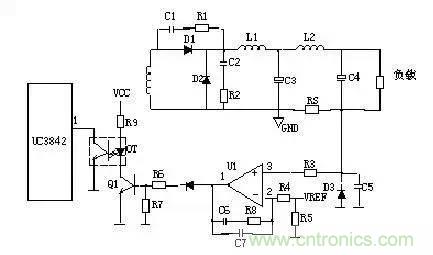當(dāng)輸出U0升高,經(jīng)取樣電阻R7、R8、R10、VR1分壓后,U1③腳電壓升高,當(dāng)其超過(guò)U1②腳基準(zhǔn)電壓后U1①腳輸出高電平,使Q1導(dǎo)通,光耦OT1發(fā)光二極管發(fā)光,光電三極管導(dǎo)通,UC3842①腳電位相應(yīng)變低,從而改變U1⑥腳輸出占空比減小,U0降低。當(dāng)輸出U0降低時(shí),U1③腳電壓降低,當(dāng)其低過(guò)U1②腳基準(zhǔn)電壓后U1①腳輸出低電平,Q1不導(dǎo)通,光耦OT1發(fā)光二極管不發(fā)光,光電三極管不導(dǎo)通,UC3842①腳電位升高,從而改變U1⑥腳輸出占空比增大,U0降低。周而復(fù)始,從而使輸出電壓保持穩(wěn)定。調(diào)節(jié)VR1可改變輸出電壓值。
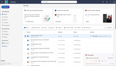 同社は2024年9月にOneDriveにAIアシスタント「Copilot」を実装している。今回のアップデートでは、これまでも可能だったファイルのサマリーなどに加えて、質疑やFAQ生成など、情報整理を支援する機能が拡充された。特に「Audio overviews(オーディオ概要)」では、WordやPDF、会議議事録などの内容を数秒で音声コンテンツに変換し、移動中など手が塞がった状態でも情報を確認できる。
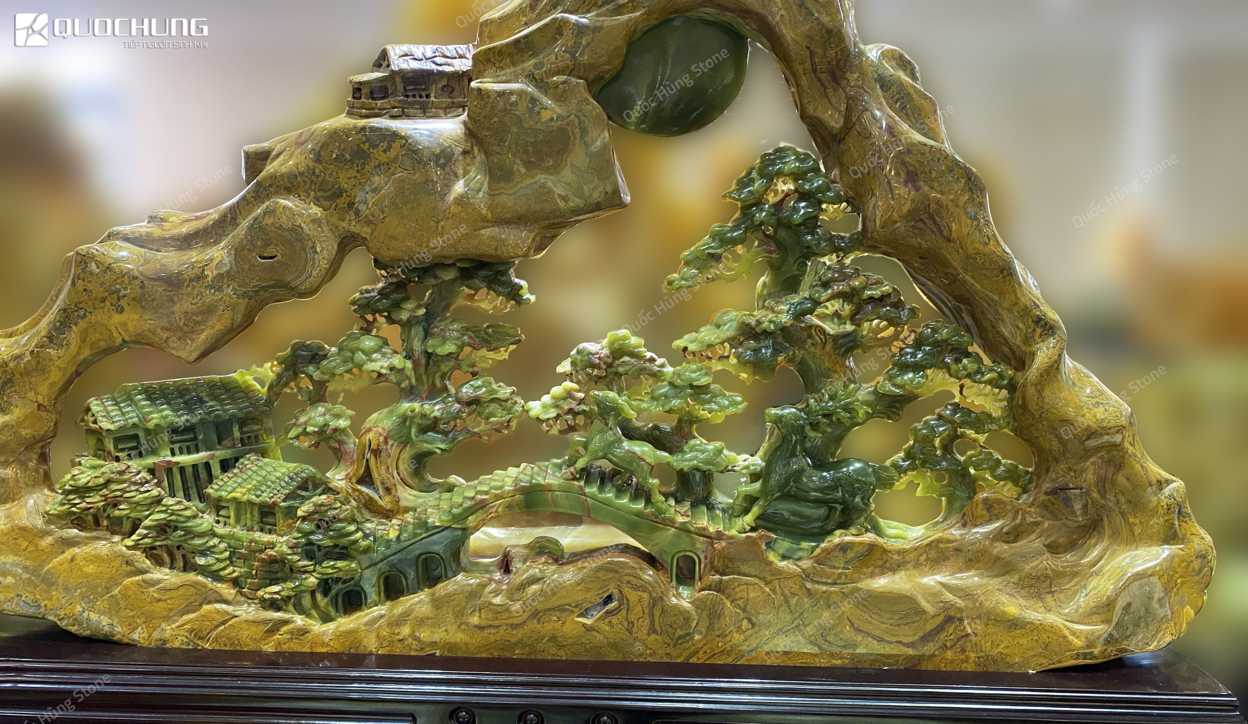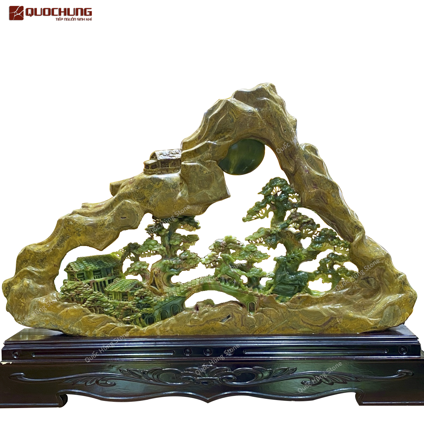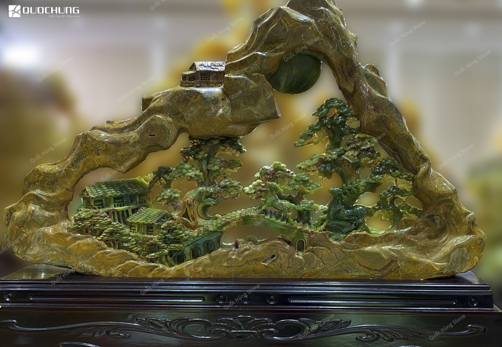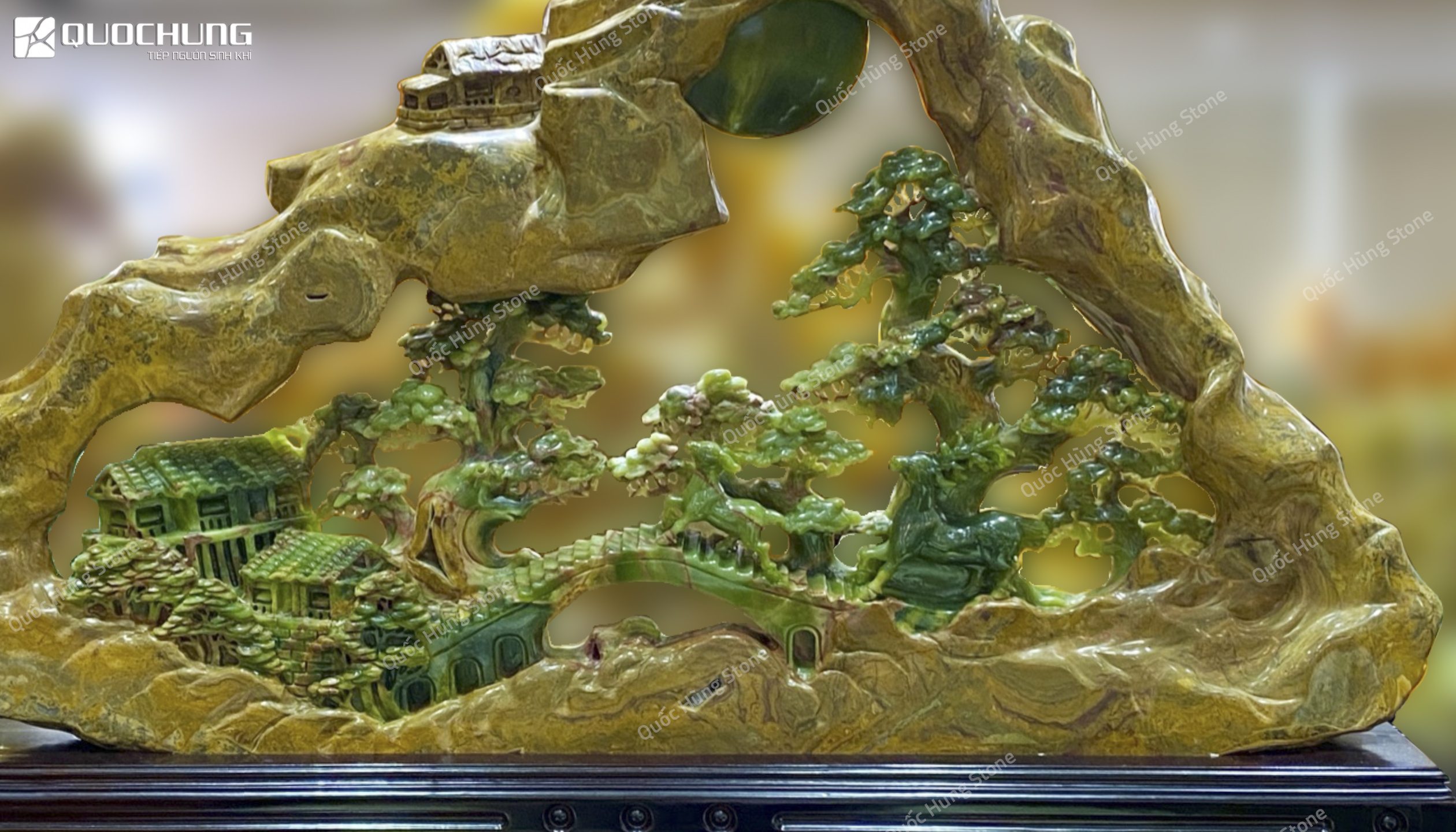 Nếu bạn đang tìm kiếm một địa chỉ uy tín để sở hữu Tác Phẩm Bồng Lai Tiên Cảnh Ngọc Onyx, hãy đến với Quốc Hùng Stone. Với nhiều năm kinh nghiệm trong lĩnh vực đá tự nhiên, chúng tôi cam kết mang đến cho bạn những sản phẩm chất lượng nhất, được chế tác tinh xảo từ những nguyên liệu tốt nhất.

┄┄┄┄┄┄┄┄┄┄┄┄┄┄┄┄┄┄┄┄

Task statement
Only the lines from the line with "同社は2024年9月にOne" to the bottom of the material above should be reproduced, exactly and without pictures.

Exercise response
 同社は2024年9月にOneDriveにAIアシスタント「Copilot」を実装している。今回のアップデートでは、これまでも可能だったファイルのサマリーなどに加えて、質疑やFAQ生成など、情報整理を支援する機能が拡充された。特に「Audio overviews(オーディオ概要)」では、WordやPDF、会議議事録などの内容を数秒で音声コンテンツに変換し、移動中など手が塞がった状態でも情報を確認できる。
 Nếu bạn đang tìm kiếm một địa chỉ uy tín để sở hữu Tác Phẩm Bồng Lai Tiên Cảnh Ngọc Onyx, hãy đến với Quốc Hùng Stone. Với nhiều năm kinh nghiệm trong lĩnh vực đá tự nhiên, chúng tôi cam kết mang đến cho bạn những sản phẩm chất lượng nhất, được chế tác tinh xảo từ những nguyên liệu tốt nhất.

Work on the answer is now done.